Re: [PATCH v5 1/6] nvme: authentication error are always non-retryable

From: Hannes Reinecke
Date: Wed Apr 10 2024 - 08:06:07 EST


On 4/10/24 12:21, Sagi Grimberg wrote:


On 10/04/2024 9:52, Daniel Wagner wrote:
On Tue, Apr 09, 2024 at 11:26:00PM +0300, Sagi Grimberg wrote:

On 09/04/2024 12:35, Daniel Wagner wrote:
From: Hannes Reinecke <hare@xxxxxxx>

Any authentication errors which are generated internally are always
non-retryable, so use negative error codes to ensure they are not
retried.
The patch title says that any authentication error is not retryable, and
the patch body says "authentication errors which are generated locally
are non-retryable" so which one is it?
Forgot to update the commit message.
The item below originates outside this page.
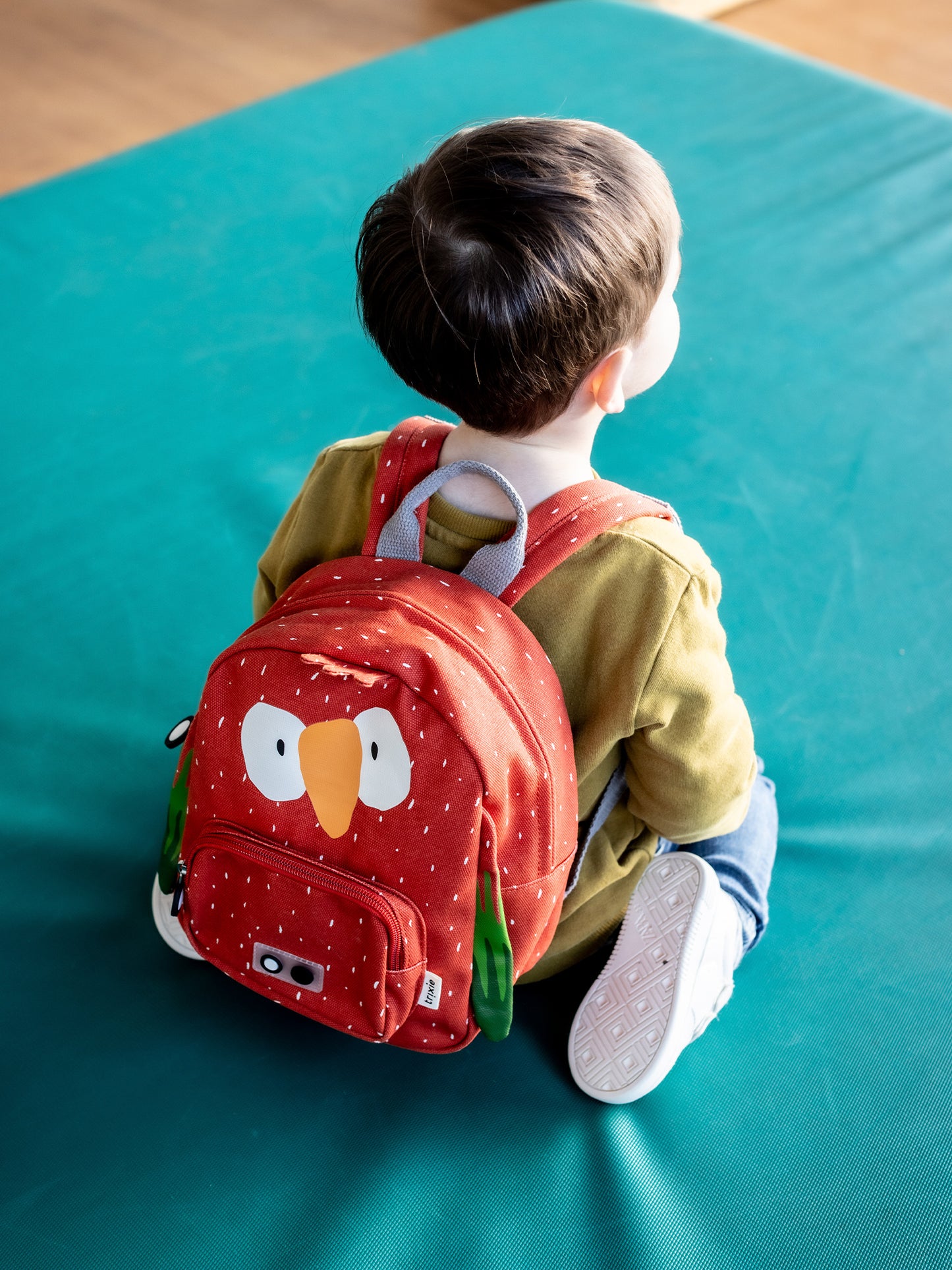 Mochila con cara de loro y bonitas alas y cresta. Perfecta para el colegio, la guarderia o para ir de excursión.

What about:

   All authentication errors are non-retryable, so use negative error
   codes to ensure they are not retried.

?

I have a question, what happens if nvmet updated its credentials (by the admin) and in the period until the host got his credentials updated, it
happens to disconnect/reconnect. It will see an authentication
error, so it will not retry and remove the controller altogether?

Sounds like an issue to me.

Usual thing: we cannot differentiate (on the host side) whether the
current PSK is _about_ to be replaced; how should the kernel
know that the admin will replace the PSK in the next minutes?

But that really is an issue with the standard. Currently there is no
way how a target could inform the initiator that the credentials have
been updated.

We would need to define a new status code for this.
In the meantime the safe operations model is to set a lifetime
for each PSK, and ensure that the PSK is updated on both sides
during the lifetime. With that there is a timeframe during which
both PSKs are available (on the target), and the older will expire
automatically once the lifetime limit is reached.

Cheers,

Hannes